Obedience is not optional. God has given us a way to live, and we don’t get to remix it to fit our lifestyle. Surrender means following Him, not asking Him to follow us.

4. Is Jesus the Cherry on Top… or the Foundation?

This is where the ice cream analogy came in. I think about how we build our lives like a sundae: we stack our desires, our dreams, our careers, our comfort, and then we add Jesus like the cherry on top. A nice extra. Something sweet. Something decorative.

But Jesus isn’t meant to be the cherry. He’s the cup that holds it all. He sets the foundation. He fills it with His purpose, His plans, His flavor. The whipped cream and the cherry—the little blessings of life—come later.

Colossians 1:18 says, “That in everything He might be preeminent.” Not an accessory.

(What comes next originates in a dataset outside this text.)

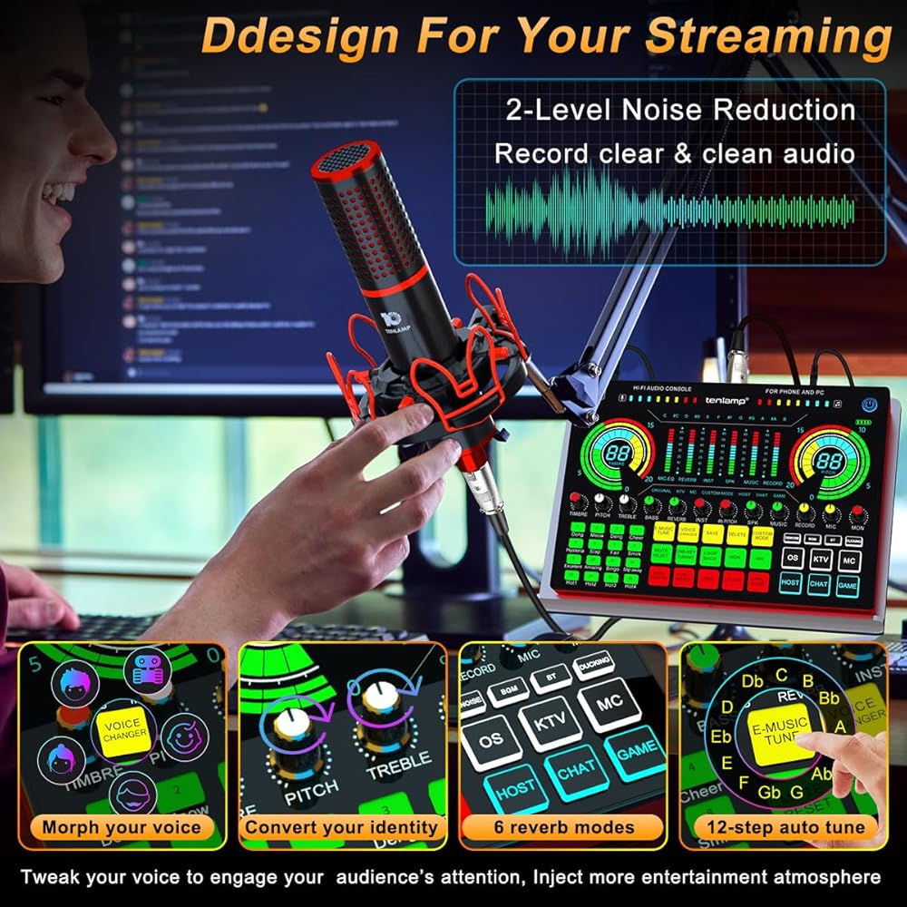 • استوديو خلاط الصوت الشامل: تتضمن حزمة ميكروفون Tenlamp G4Pro Podcast خلاط صوت للبث المباشر وميكروفون مكثف XLR. G4Pro عبارة عن خلاط واجهة صوت USB محمول الكل في واحد يسمح عبر الإنترنت بخلط الصوت والتحكم فيه في الوقت الفعلي مصادر دون إعدادات معقدة. فهو يوفر جميع العمليات المتعلقة بالصوت وسير العمل اللازم للبث المباشر وإنتاج البودكاست والتعليق الصوتي والعروض الإذاعية والتطبيقات الأخرى.

Not an afterthought. But everything.

5. God Deserves More Than Our Leftovers

Malachi 1 wasn’t about people ignoring God entirely. The priests still showed up. But they dishonored Him in the way they showed up. They brought Him the scraps.

Are we doing the same?

Romans 12:1 calls us to be “living sacrifices, holy and acceptable to God, which is your spiritual worship.” Not convenient. Not casual. But Sacrificial.

This is about the posture of our hearts. Are we giving Him the first of our time, our talent, our treasure? Or just what’s left after we’ve done everything else with it?

Conclusion: Don’t Settle—Surrender

I know it’s hard. I also live in this same culture. A culture that says, “Do you,” “Set your own boundaries,” and “God gets what’s convenient.” But that’s not the Gospel. That’s cultural Christianity.

God is calling us to more. Not perfection. But obedience. Not performance. But true devotion.

It’s a daily surrender. And that’s what I’ve been asking the Lord lately: “Where am I still holding on? Where am I still choosing my own flavor over what He’s chosen for me?”

Jesus is worthy of our whole life, not just the cherry on top.